Il s’assit vis-à-vis de moi. Son visage respirait tant de grâce et de bonté !

Nous prîmes le thé, nous mangeâmes, nous causâmes. Le champagne vint. Je trinquai avec Julian, gaiement. Je chantai comme autrefois de folles chansonnettes, celles qu’il aimait ; je posai à plusieurs reprises, étourdiment, la pointe de mon pied sur le sien. Mais il resta froid et sérieux comme à l’ordinaire.

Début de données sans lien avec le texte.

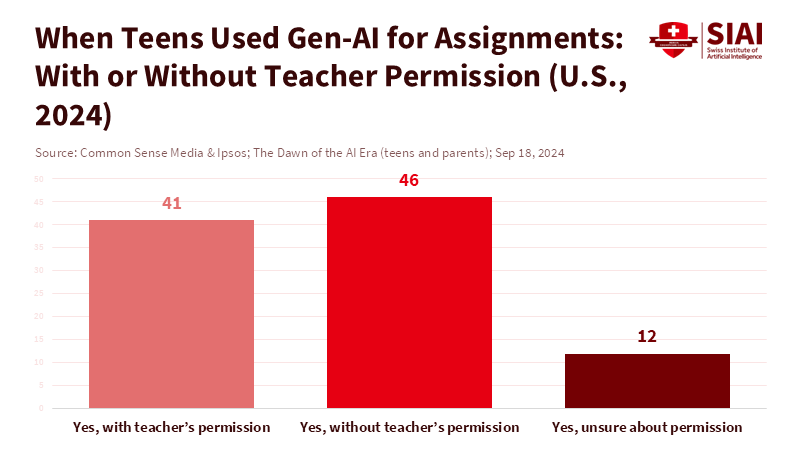 Figure 2: Many teens who use gen-AI for assignments do so without teacher permission, underscoring the need for clear classroom rules and provenance.
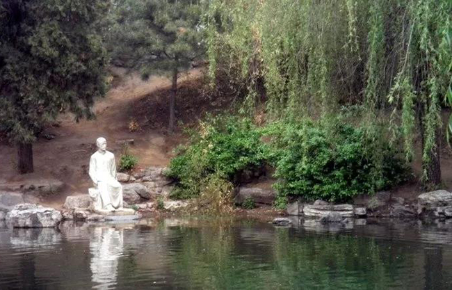 水木清华这里,我做了几个调整。一个是朱自清像的位置,本来是在工字厅北面正对的高高的石墩上。从礼堂这边走过去,一眼就能看见朱自清像。我觉得朱自清像在这儿跟他这个人的风格不太协调,在这里高耸着好像是一个英雄,但他是个诗情画意的文人,他的坚韧是深藏着的。所以我把它往西放在远一点的水边,而且在柳树的遮掩下面,我觉得这样符合他的气质,也使得水池的景点能够向西布局,更加均匀。

Et, croyez-moi, quand je vis que toutes mes coquetteries étaient vaines, qu’il restait indifférent à ma beauté et à mes charmes, je me repris à l’aimer, cet homme, à le désirer, à l’aimer avec passion. Et je voulais le séduire, à tout prix le ramener à mes pieds, le rendre mon esclave, ne fût-ce que pour une heure.

Je fis un signe à Wally. Elle nous laissa seuls.

Je bus avidement quelques verres de champagne, puis je me plaignis de la chaleur, je me levai, et tout à coup, je m’assis sur les genoux de Julian et l’enlaçai bien fort de mes deux bras.

— Tu t’agites trop, mon enfant, me dit Julian.

Il n’y avait pas trace d’ironie dans sa voix, mais quelque chose de glacial qui me dégrisa. Mon honneur me parut menacé si je ne ressaisissais pas son amour, si je ne le ramenais pas à frémir sous mon regard.